Ash was very unhappy and refused to bond with him at all. He took to trailing along after her and attacking her tail. She began to lose weight and make her displeasure known. We eventually rehomed her to a single cat house with a woman who doted on her, so they were both happy.

For Taz, we brought home Preacher, when Taz was about seven months old. Taz began to purr the moment he saw Preacher and the picture above is fifteen minutes after they first met. They were that close their entire lives. They were best buds right up until Preacher died. Taz, for his part, never really became house broke. He used the litter box intermittently at best. He really wanted to be an outdoor cat and I think if we had been out in the sticks he would  have been in and out of the house at will. Unfortunately, city living does not really make that a safe option.

My favorite memories:


The windows were tall enough I could stand on the windowsill, which was about a foot above the floor, and not touch the top of the window.
We lived in an apartment with very high windows. The screens for those windows were taller than I am. Taz would climb them. The screens would fall out of the window. Taz would hoverboard on the screen to the ground some thirty feet below. Then he would take off into the bushes surrounding our apartment complex. One day I heard the screen come out of the window and him fall. I raced in and looked out the now wide open window to see him standing on the screen below me. I shouted Taz! His ears went back and his tail went straight up and he bolted across the parking lot.

Taz up a tree, on leash

He loved to walk on leash. We had a harness for him and would take him to the neighborhood park where it was fairly quiet. He wasn't ever afraid of dogs and would arch and dance toward any that tried to bother him. He was a bruiser and never lost a fight. We would meander around the pond and he would chase bugs and leaves at the end of the leash.

He loved to camp. We took him with us to Vedauwoo for years. There was a sagebrush place where the sage filled up a patch of ground. As soon as the truck would stop moving he was out and into that sagebrush patch, where he would hunt butterflies and mice. Every once in a while, J or I would call for him and he would come trotting out to say hi, but then went right back in. He loved climbing the pine trees, although the first time it took him most of a day to figure out how to come back down. Once he did, that became a favorite pass time.

He loved J. She was his down to the bone. Even after he became frail, he would leave his warm hotel and curl up with her for hours on end. He was a bad boy in so many other ways - he never stopped peeing on all the things - but he loved her with everything he was.
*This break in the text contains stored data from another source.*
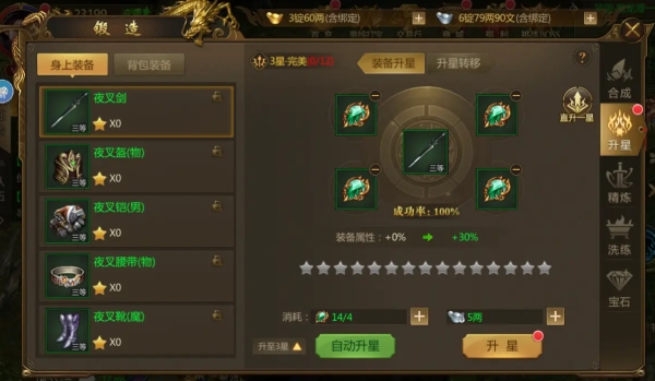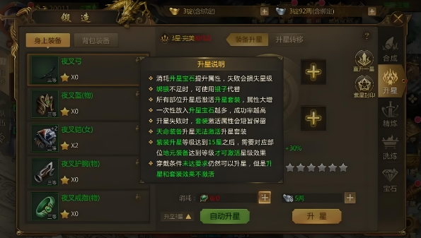 在升星前,可以使用一星装备进行垫手,通过一星装备的升星来感受当前的成功率。当一星装备升星成功且未碎裂时,可以尝试冲击更高星级的装备。
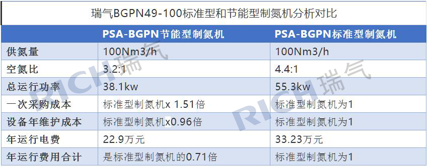 下面以瑞氣所生產(chǎn)的純度為99.99%的節(jié)能型制氮機為例,和標準型制氮機的參數(shù)進行對比及分析。
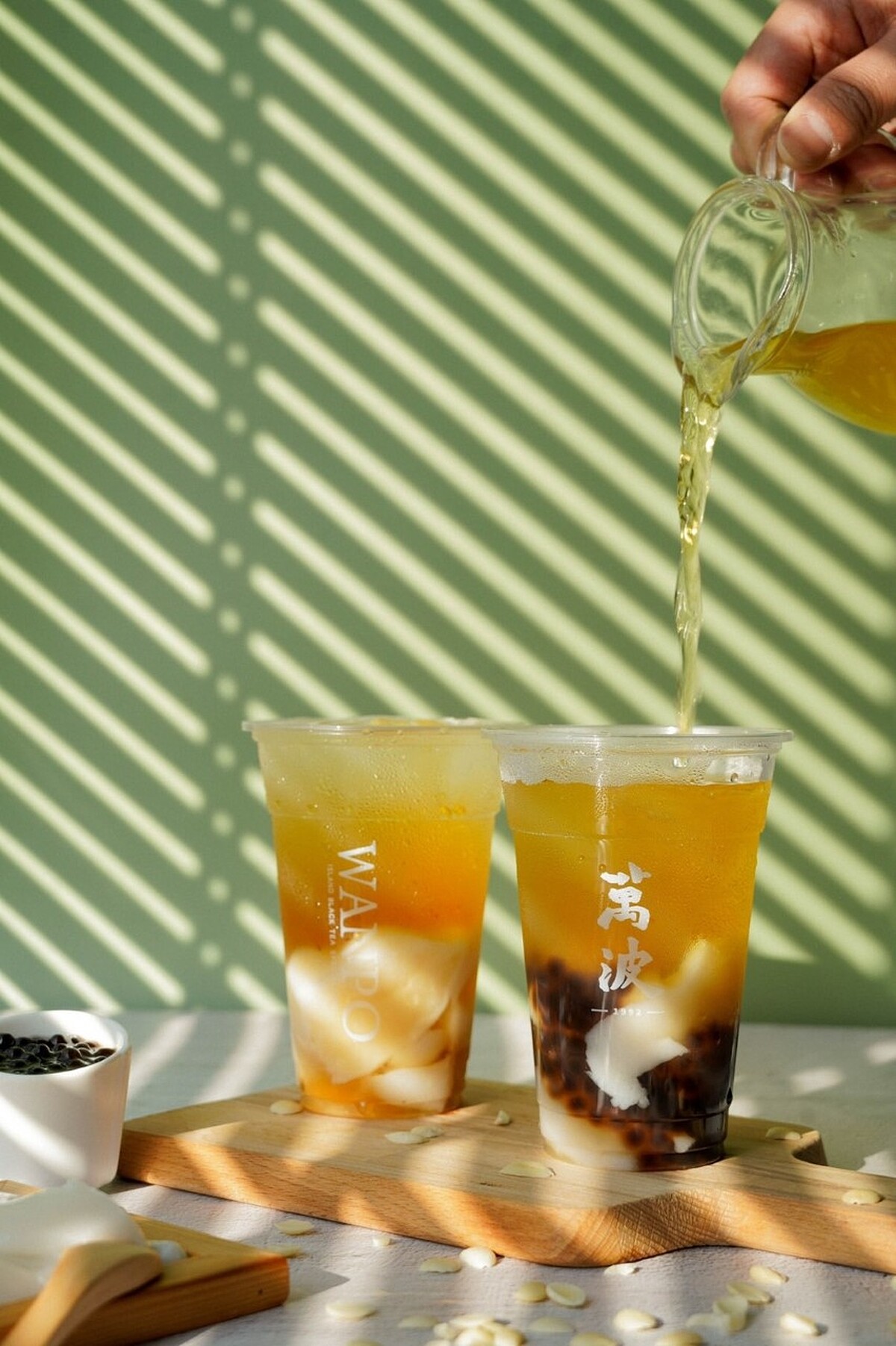 《萬波》「杏花雨露」、「珍杏七水仔」將於5月13日在全台萬波門市與線上點餐、外送平台(你訂、Uber Eats、foodpanda)同步發售。
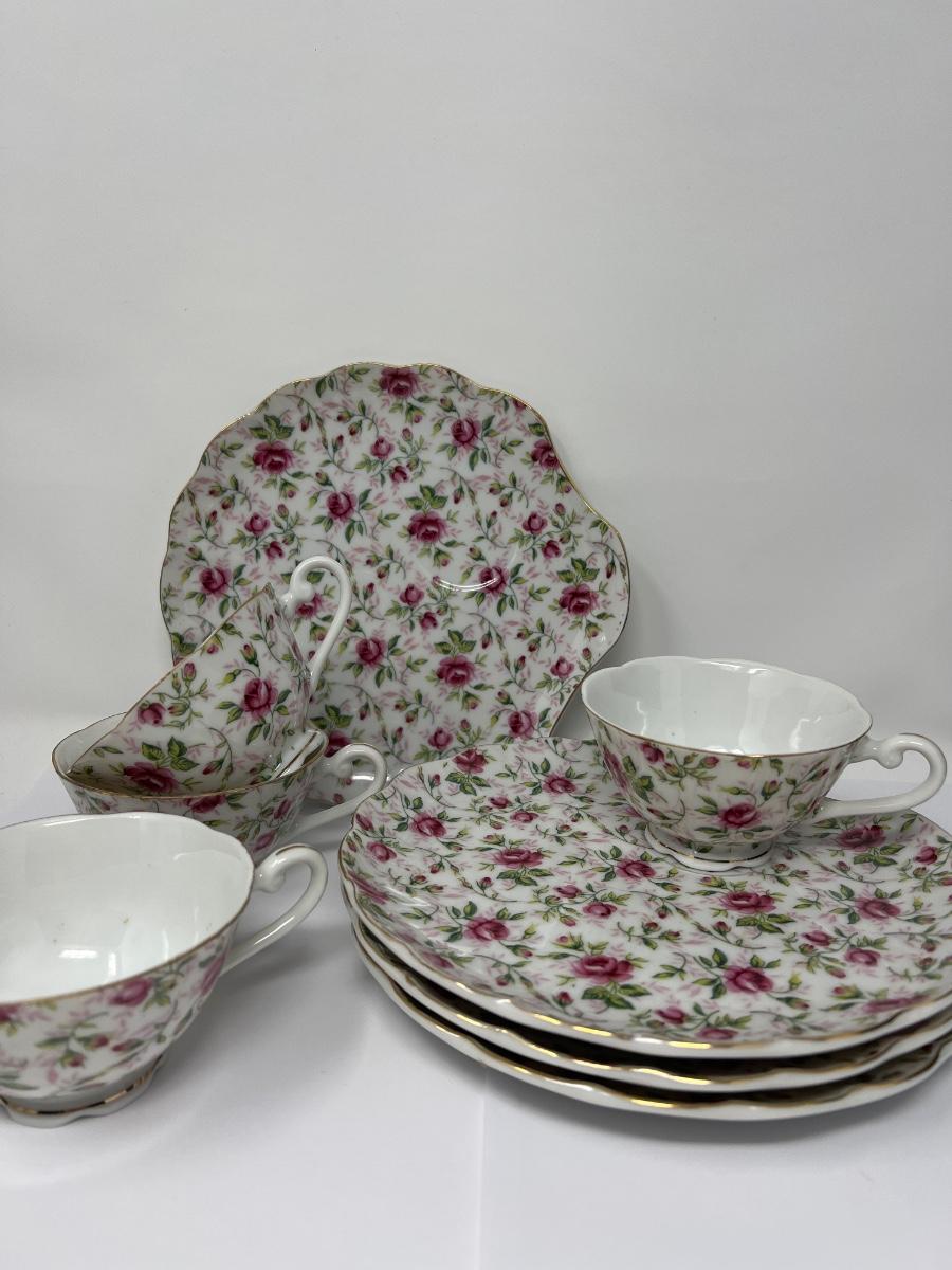 Lefton Hostess Snack Set of 4 Tea Cups & Plates
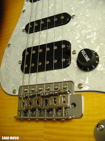 リアポジションにハムバッキングピックアップを搭載し、シャープなシングルコイルピックアップサウンドと対照的な太くフォームなサウンドまでカバーします。また、ハムバッキングピックアップは搭載されたスイッチによりタップ可能で、3シングルコイルピックアップの様にも使用可能です。クリーントーンとドライブサウンドの両方にマッチした柔軟なサウンドメイクが容易に行えます。 |
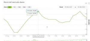 De la misma fuente sacamos el precio del mercado diario con un valor también récord de 132,92 €/Mwh a las 9 de la mañana (Figura 2) que es el que aparece en todos los medios de comunicación.

He went out on leash. The front of our condo has seven rose bushes and he would wander around under their leaves for hours. He caught birds. He hunted for mice. On occasion he would wander into the front room of our neighbor's condo and hiss at their cats. He would find a sunny spot and sun, then curl up under a bush and sleep the day away. He loved being outside and I know he would have been so happy to live on a farm or in a barn.

Ten years ago he moved into a room of his own. It had a cat tower, water, food and as he grew older, his own personal heater. Preacher shared it with him for the last four years or so of Preachers life. They were allowed out to socialize and love on their humans while under strict watch (otherwise pee) and Taz spent hours outside in the evening and on the weekends. He was very content and happy with his own kitten and their bachelor pad.

 It's always difficult to watch an animal go into decline. You know the time is coming and all you can do is measure the waiting days against the pain and possible suffering the animal could be going through. We knew when Preacher went to the Bridge that it was a matter of time, but in that mysterious way that animals have, Taz outlived his kitten by almost three years. Preacher had always groomed Taz, who had long hair, and kept him free of mats. When Preacher left us, that task fell to J, who would spend time brushing his long hair out, trying to keep it from matting. At first I think Taz helped, but as time went on it was too much work. In October I brought home my horse clippers and we clipped the hair on his back and sides. I needed to do his legs and belly as well, but his tolerance was gone, so we left him that way. He seemed more comfortable and although the hair was shorter, he wasn't bald. I planned on working on his legs the next weekend, but we didn't have that much more time.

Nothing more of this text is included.